Contributing factor #1... Microsoft.

The processor requirement for Windows Vista was 1GHz. The processor requirement for Windows 7 was 1GHz, 8, 8.1 and 10 as well.

Microsoft has not upped the specs on their processor requirements in 10 years.
Windows 10 is a free upgrade for 3 operating systems. So now you have the most modern OS running on your computer and it didn't cost you a dime.

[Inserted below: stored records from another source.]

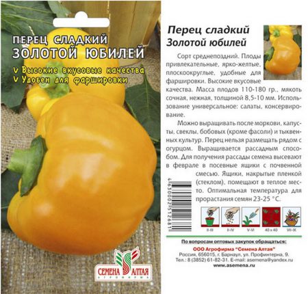 고추는 조생종입니다. 발아 후 116일째부터 익기 시작합니다. 묘목은 노지, 창턱, 그리고 온실에서 재배합니다. 덤불은 작고, 한정된 수형을 가지고 있으며, 잎이 거의 없습니다. 다 자란 아관목은 키가 30cm를 넘지 않습니다. 꽃은 풍성하고 무성합니다. 열매는 둥글며, 밑부분이 뚜렷하게 납작합니다. 익은 고추의 평균 무게는 100~175g입니다. 껍질은 치밀하고 다육하며 매끄럽고 불규칙한 부분이 없습니다. 두께는 0.8cm입니다. 생장기에는 열매가 녹색을 띠고, 완전히 익으면 황금빛을 띱니다. 꼬투리는 즙이 많고 달콤합니다. 고추 한 개에는 약 4.5%의 당분과 8%의 건조 물질이 함유되어 있습니다. 열매는 생으로 먹거나 통조림으로 통째로 먹습니다.
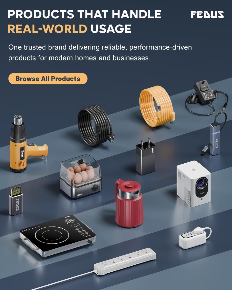 While buyers in foreign countries had access to premium-quality USB hubs, crimping tools, hot air heat guns, laptop accessories, electric kettles, cooler water pumps, and home appliances, Indian consumers were left behind with substandard choices. Recognizing this gap, we launched FEDUS in 2020 with a mission: to provide high-quality, durable, and affordable cables, electronics, and networking gear designed for Indian conditions.
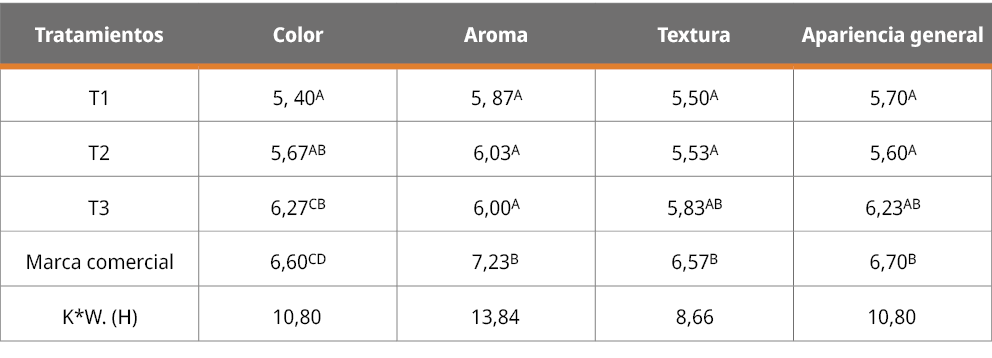 Los resultados obtenidos en la caracterización sensorial se presentan en la Tabla 2, donde se determinó que la marca comercial presentó mayor intensidad en las categorías analizadas. Mientras que los tratamientos T1, T2 y T3 difieren significativamente en el color, textura y apariencia general; en el aroma no se observaron diferencias en los extractos naturales. Sin embargo, autores como Clarensia et al. (2020) indican que los extractos naturales están constituidos por una gran variedad de compuestos que tienen un mayor potencial y por ende pueden brindar mejores características sensoriales a los alimentos, en especial con respecto al sabor.

If you wipe a 6 year old laptop and install Windows 10 on it cleanly, it runs decently.

Factor #2. Intel overproduces.

There is massive performance overlaps in their processors. A 5 year old i5-2520M almost identical performance to a I5-4310M.
Some I5s are slower than previous generation I3 processors.
Some I5s are faster than some I7 processors.
Some Pentiums are faster than I3 processors.

It seems like they keep increasing the top end of their processors without knocking out mid and low range when they should.

They refuse to have a performance spot that isn't covered between top and bottom ranges.  They need to set a performance floor every year and drop processors under that performance, or eliminate the massive mid range.

Factor #3 ARM

I shouldn't have to explain this one.. It's pretty self explanatory to anyone who has a mobile phone.

Factor #3.5 Atom

It never has really become what it should have been, Intel's mobile phone processor.
« Last Edit: April 20, 2016, 01:02:54 am by Stonent »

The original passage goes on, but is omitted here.